» **What the exercise asks**
Transcribe only the part of the material below that begins at the line containing "Приведем несколько примеров" and ends at the line containing "First step is to create", with both kept and images left out.
[Entries shown — start]
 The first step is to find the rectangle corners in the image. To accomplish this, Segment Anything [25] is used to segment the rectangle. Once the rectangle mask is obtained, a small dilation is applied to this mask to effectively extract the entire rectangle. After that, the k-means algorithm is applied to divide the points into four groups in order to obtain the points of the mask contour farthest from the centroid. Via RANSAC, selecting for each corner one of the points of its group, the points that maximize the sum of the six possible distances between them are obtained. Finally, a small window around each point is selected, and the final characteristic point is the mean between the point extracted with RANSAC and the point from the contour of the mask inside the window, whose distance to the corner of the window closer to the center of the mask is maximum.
[Entries shown — finish]
[Entries shown — start]
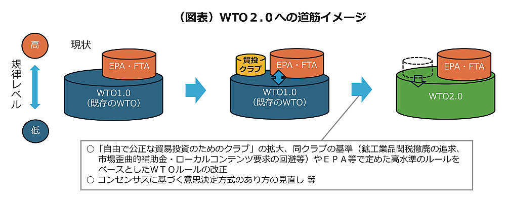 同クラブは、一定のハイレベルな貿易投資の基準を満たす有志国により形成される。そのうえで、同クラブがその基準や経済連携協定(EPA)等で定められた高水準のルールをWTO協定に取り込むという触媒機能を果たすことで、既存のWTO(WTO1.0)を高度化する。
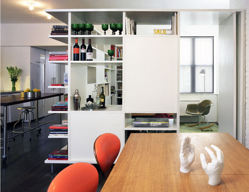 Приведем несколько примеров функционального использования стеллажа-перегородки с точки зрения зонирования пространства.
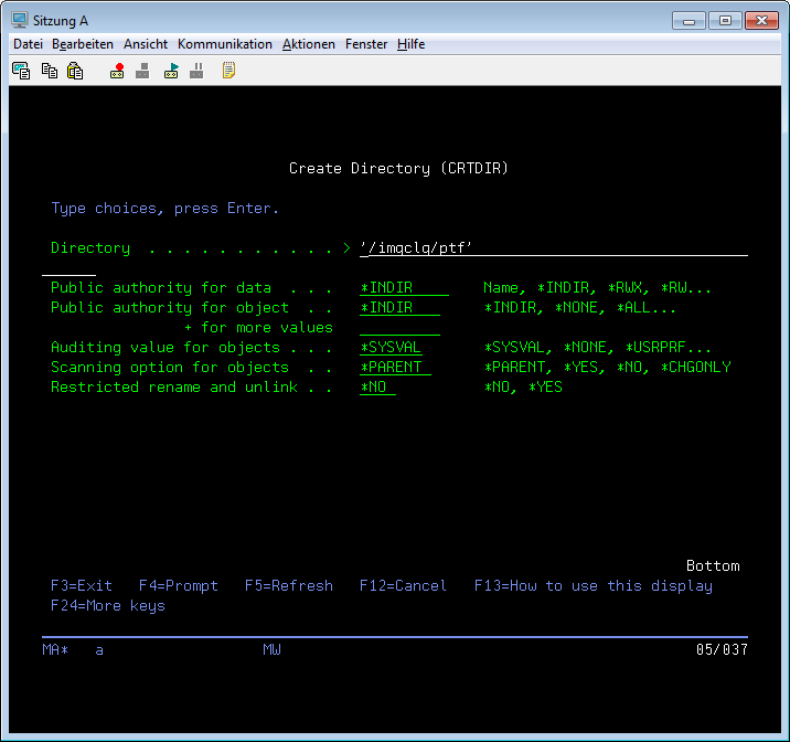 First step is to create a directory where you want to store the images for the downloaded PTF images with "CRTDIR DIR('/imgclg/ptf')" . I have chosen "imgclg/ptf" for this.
[Entries shown — finish]
» **Answer below**
 Приведем несколько примеров функционального использования стеллажа-перегородки с точки зрения зонирования пространства.
 First step is to create a directory where you want to store the images for the downloaded PTF images with "CRTDIR DIR('/imgclg/ptf')" . I have chosen "imgclg/ptf" for this.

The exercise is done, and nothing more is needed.